As I write this I’m working through whether or not I should actually go back to sleep (that notorious ‘sleep when the baby sleeps’ idea) or use this time to get some work in the not-so-off chance that this may be my only chance today to get consecutive hours to myself. If anyone tells you life doesn’t change when you add another child to the mix, then they’re lying to you. Read this post for a laugh and to really get what I’m talking about.
Things like eating have totally gone to crap, and I’m working sort of hard to figure out the healthy balance of treats and good, healthy food again. I say sort of hard because honestly? When mama’s tired and starving and has two children literally screaming and/or crying the easiest thing is just to grab portable food (think cold pizza), take a deep breath, and then dive into meeting whatever the current needs are. I never want to take for granted the blessing of having these boys, but I also don’t want to gloss over the fact that it’s life-changing in so many different ways. I want this space to be real and share our authentic life.

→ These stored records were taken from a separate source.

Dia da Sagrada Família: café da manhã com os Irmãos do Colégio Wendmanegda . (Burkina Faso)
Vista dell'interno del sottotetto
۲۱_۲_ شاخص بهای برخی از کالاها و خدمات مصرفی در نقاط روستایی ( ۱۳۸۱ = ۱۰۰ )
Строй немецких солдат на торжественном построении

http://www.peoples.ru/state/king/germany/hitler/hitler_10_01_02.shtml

Yesterday Austin was refusing to nap again and right when I was about to go nuts he stopped screaming, looked up at me with a big gummy smile, and cooed on purpose at me. Y’all, those little moments make up for weeks of boycotted naps and screaming gassy rampages. Isn’t that nuts? Literally weeks of frustration are completely covered up by one moment of sweetness. I can’t get over it. And the fact that it doesn’t change as they get older. Wes is three, and I’m starting to understand in full the term ‘three-nager,’ but one big hug, sweet kiss, or exclamation of ‘Mommy I wuv you’ and I don’t even remember the fact that he was just hitting me with a random ruler he found while I was nursing the baby.

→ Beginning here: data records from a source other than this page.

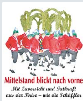
Mittelstand blickt nach vorne Mit Zuversicht und Tatkraft aus der Krise – wie die Schöffler

In loser Folge stellen wir lokale Unternehmen vor und zeigen, wie sie die Herausforderungen bewältigen.
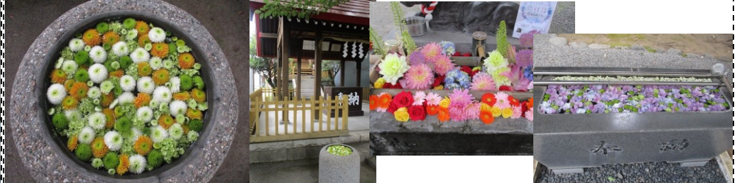
おてんのさんの六社詣で～花手水(はなちょうず)めぐり～(6/12)・・・2年続けて中止になった吉原祇園祭の6神社の手水に花を生け、コロナ収束を祈願し参詣する爽やかで粋な取組みです！
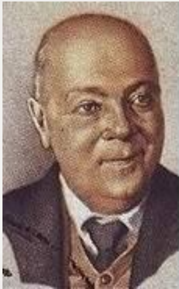
Александр Евгеньевич Ферсман
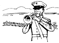
Memorial Day

Very often we forget what Memorial Day really means, and very rarely do we ask ourselves why we celebrate Memorial Day. Those who have served in the armed forces or have family members who have done so are well aware of the history and meaning of Memorial Day, some painfully so.
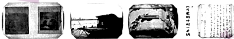
(《共产党宣言》中文译本) 南湖红船 “半条被子的温暖” 《可爱的中国》手稿

历史因铭记而永恒,精神因传承而不灭。党的十八大以来,习近平总书记到地方考察调研时,多次专程前往革命旧址、博物馆、纪念馆,瞻仰革命文物,倾听历史回响。
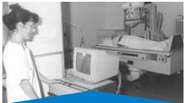
Une salle de soins

de balnéothérapie ou de cryothérapie. Ces séances durent moins d'une heure et pour certains patients cela suffit largement à remplir la matinée, la fatigue étant toujours omniprésente dans cette maladie ! Le reste de la matinée est bien souvent occupé à se reposer jusqu'au repas de midi, pris lui, avec tous les résidents dans la grande salle de restaurant du bâtiment d'accueil. Une petite sieste si besoin après le déjeuner et puis direction les locaux de l'ergothérapie où l'on fera travailler ses mains, sa mémoire et son raisonne-
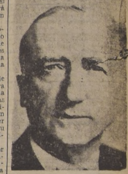
James F. Byrnes

las cuales tiene aquella fecha, en que el Secretario dimite dice: "Yo me conozco y sé que no puedo reducir el ritmo de mi actividad mientras ocupo un cargo público, especialmente el de Secretario de Estado".
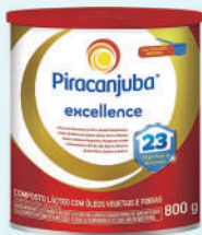
Piracanjuba Excellence Composto Látceo 800g
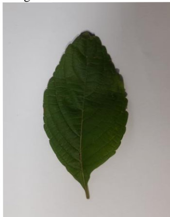
Figura 5 - Folha da Alfavaca
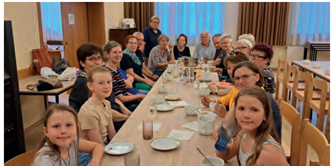
Gemeinsames Speisen nach dem Biblischen Kochen.
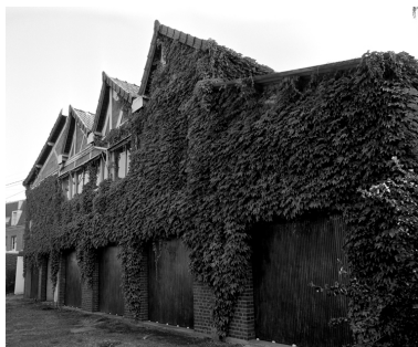
L'atelier de fabrication construit en 1932 : façade ouest à trois sheds.
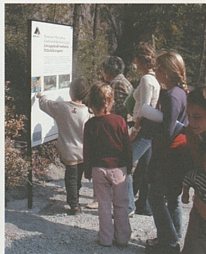
Foto sopra: sul percorso sono sistemate nove tavole didattiche sui principali aspetti del progetto.

So this edamame. It’s honestly so good and was such an accident, but a happy one at that. They’re great for on-the-go snacking, and you could change up the seasonings as you desire. I really love the salt and pepper version though; I feel like it works well with the nuttiness of the toasted soy. It’s mostly crunchy with a bit of chew, although if you want complete crunch you’ll want to roast it a little longer. I like it both ways, but this recipe is much easier. It requires a lot of hands-off cooking (think just letting it sit in the oven) but that’s perfect because it works well with our “schedule” these days. And of course you could double, triple, quadruple the recipe as necessary!

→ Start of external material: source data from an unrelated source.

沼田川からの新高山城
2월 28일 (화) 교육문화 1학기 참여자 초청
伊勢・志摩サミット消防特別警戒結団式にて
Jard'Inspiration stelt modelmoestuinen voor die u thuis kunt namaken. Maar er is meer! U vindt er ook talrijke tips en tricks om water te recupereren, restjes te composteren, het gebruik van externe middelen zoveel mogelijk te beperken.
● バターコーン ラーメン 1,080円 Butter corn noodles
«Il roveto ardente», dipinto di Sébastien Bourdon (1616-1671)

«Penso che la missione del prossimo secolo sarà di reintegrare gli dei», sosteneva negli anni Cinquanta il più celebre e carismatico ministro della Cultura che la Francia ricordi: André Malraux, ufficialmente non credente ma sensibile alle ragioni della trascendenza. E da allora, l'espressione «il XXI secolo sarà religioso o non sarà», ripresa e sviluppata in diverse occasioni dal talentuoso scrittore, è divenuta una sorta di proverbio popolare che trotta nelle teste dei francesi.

- 2 cups frozen shelled edamame, thawed
- 1 tablespoon olive oil
- sea salt
- black pepper
- First off, after the edamame is shelled you’ll want to dry it completely with paper towels. If there’s extra moisture it’ll just steam in the oven and won’t get a great crunch on outside. I actually left mine uncovered overnight in the refrigerator after drying (accidentally) and it helped to reduce the moisture even more!
- Preheat oven to 400ºF.
- Toss the dried edamame with olive oil and spread on a large sheet pan. It needs to be a big pan so that the edamame have room to spread out and get toasted.
- Sprinkle with sea salt and black pepper (about 1 teaspoon of each, but as you desire).
- Toast in the oven for 25 minutes.
- Open the oven and shake the pan to spread the edamame around a bit again, then turn the oven off and let the edamame cool in the oven. The residual dry heat will help dry it and create that crunch even more.